Let’s take this example markup:

<p id = "story-510" class = "stories">The body of the story goes here.</p>

There are at least three ways we could target this content. From most to least specific, we could use the following:

#story-510 {
color: red;

.stories {
color: blue;

p {
color: green;

These three selectors have the same proximity to the content we’re looking to change, but they possess different levels of specificity. Since more specific elements get precedence, the text would turn out red.

What happens if we combine selectors?

p.stories { } is more specific than .stories (which is more specific than p), but #story-510 is still the most specific.

Combine proximity & specificity for greater control

Now things get interesting. Suppose we’re working with this markup:

<div class = "article">
<h2 class = "headline">Good web heads are short and specific</h2>

What if these two selectors go head to head:

.article { color: red; }
h2 { color: blue; }

In other words, what takes precedence — using a more specific selector (.article class over h2 element), or using a selector closer to the content we want to affect (one that’s more proximate)?

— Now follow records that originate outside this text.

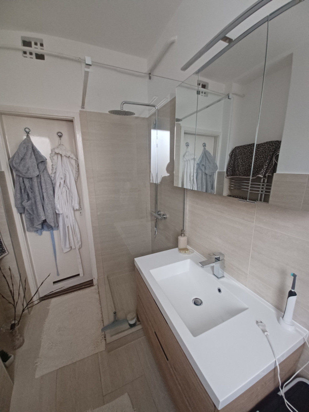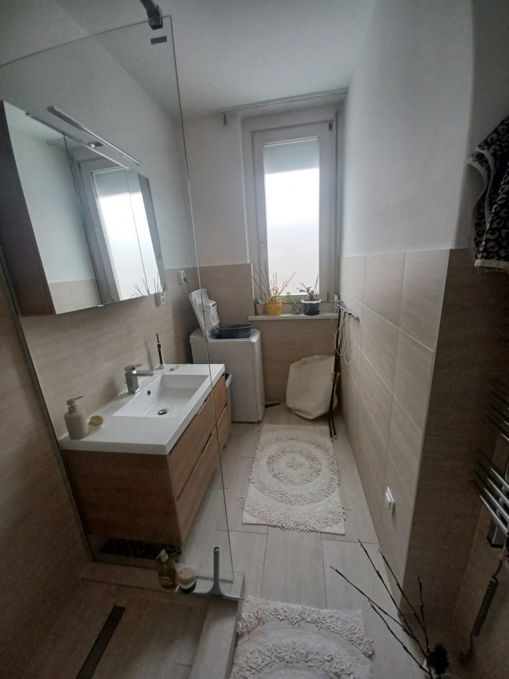A konyha funkcionálisan letisztult. A fürdőszoba felújítása alkalmával ügyeltek az anyagválasztásra, fontos szempont volt a magas színvonal, kényelem és az összhang.A lakótelepi fürdőszobáknál átlagosan nagyobb a fürdőszoba.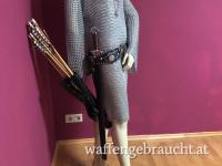Massive Ausführung (ca. 12 KG) mit reichhaltigen, authentischen Beimaterial für Ritterfeste, Aufführungen, Komparsen+++ Darstellung auch als "Jean d´arc" für Frauen möglich. Schwert mit hochwertiger Klinge, für Schaukampf geeignet (nicht Scharf) Bogenköcher mit 16 Stück handgefertigen, funktionstüchtigen Langbogenpfeilen und Lederhandschutz.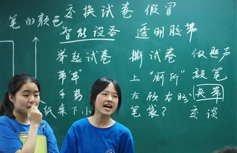 本次班会第一阶段进行的就是考试,监考老师和监控分别由几位同学自荐担任。他们信心满满,坚信自己会让作弊的同学无所遁形。从跨入微格教室那一刻起,考场变得分外安静。事先知道有大规模作弊行为会出现的监考老师们始终用火眼金睛注视着正在微格教室发生的一切,而考生们也模拟出了各种逼真的考试状况以扰乱视线,考验监考组的眼力。

Proximity is more important than specificity. In this case, the h2 style beats the .article style, even though the .article style is more specific than the h2 style.

Rules “pass through”

It’s important to remember that CSS rules written at more specific levels only replace the same rules at more general levels. Let’s take a look at an example. Here’s how a typical ProPublica article is structured:

<div id="content">
<h1>Injection Wells: The Poison Beneath Us</h1>
The article body goes here...

Let’s suppose the class “wrapper” has a style that defines the font color, and the article-title class has a style that sets the font size. They might look like this:

.wrapper { color: #222; }
.article-title { font-size: 2em; }

(The value #222 is a dark gray.) Even though the article-title class is closer to the headline and at the same level of specificity as the .wrapper class, the color defined by wrapper will still take effect since there’s no color rule in the .article-title selector to overwrite it.

This is a handy way to inherit some values while overriding others, and it strikes to the heart of the “cascading” in cascading stylesheets.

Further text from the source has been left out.